Data:
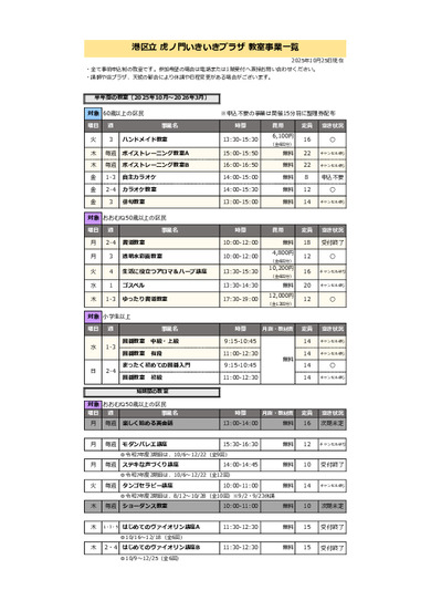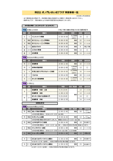 講師や当プラザ、天候の都合により休講や日程変更がある場合がございます。
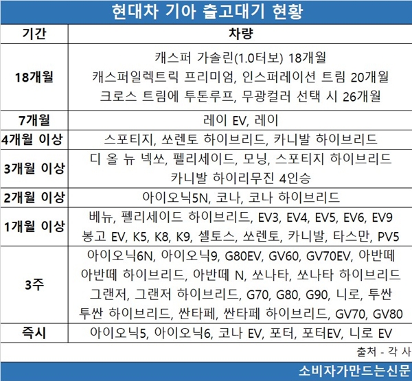11일 현대차와 기아가 지점 딜러들에 배포한 올해 12월 납기표에 따르면 출고 대기 기간이 가장 긴 차량은 캐스퍼 가솔린 1.0터보로 18개월이 걸린다. 특정 컬러와 옵션을 더할 경우 출고 대기 기간은 26개월까지 늘어난다.
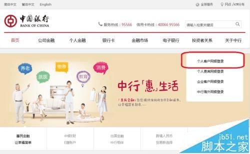 1、打“中国银行”官网,选择“个人客户网银登录”。
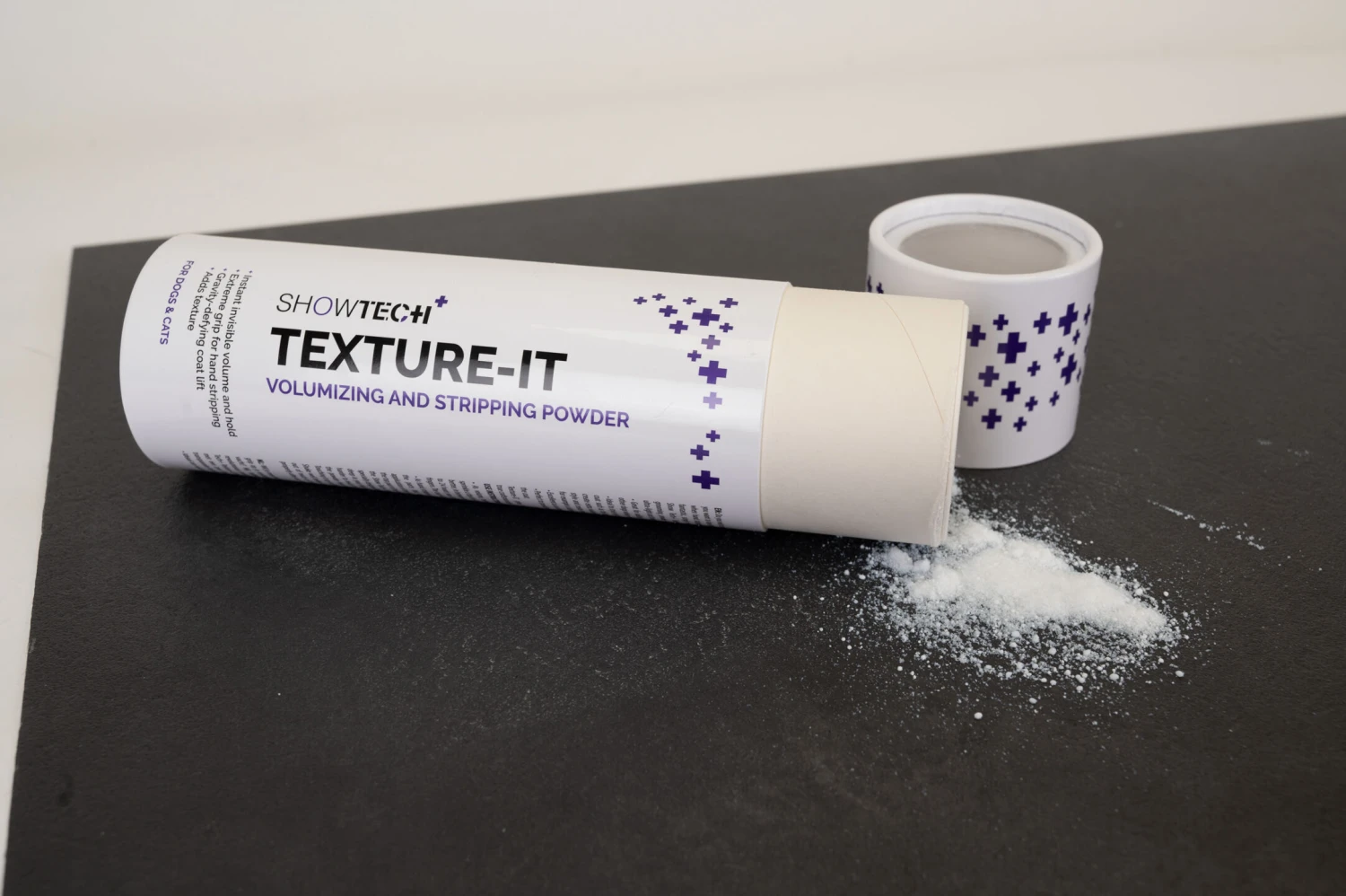 You can dust this powder on the coat for more precise hand-stripping. It is easy to apply on the coat thanks to the sifter in the top of the container or, even better, with the Show Tech+ Powder Puffer, even on body parts that are harder to reach. The great thing about this powder dispenser is that there is no danger of powder getting clogged in the nozzle. - As volume, texturizing and styling powder:
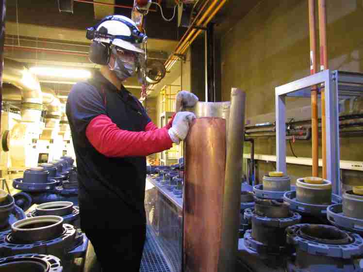 PA直营将废弃物转化成有效的工业或民生原物料,,图为废铜液淬炼后再制成纯度极高的铜管

Aim of the exercise: The listing above is to be retyped exactly, with all pictures left out.

Answer area:
 講師や当プラザ、天候の都合により休講や日程変更がある場合がございます。
11일 현대차와 기아가 지점 딜러들에 배포한 올해 12월 납기표에 따르면 출고 대기 기간이 가장 긴 차량은 캐스퍼 가솔린 1.0터보로 18개월이 걸린다. 특정 컬러와 옵션을 더할 경우 출고 대기 기간은 26개월까지 늘어난다.
 1、打“中国银行”官网,选择“个人客户网银登录”。
 You can dust this powder on the coat for more precise hand-stripping. It is easy to apply on the coat thanks to the sifter in the top of the container or, even better, with the Show Tech+ Powder Puffer, even on body parts that are harder to reach. The great thing about this powder dispenser is that there is no danger of powder getting clogged in the nozzle. - As volume, texturizing and styling powder:
 PA直营将废弃物转化成有效的工业或民生原物料,,图为废铜液淬炼后再制成纯度极高的铜管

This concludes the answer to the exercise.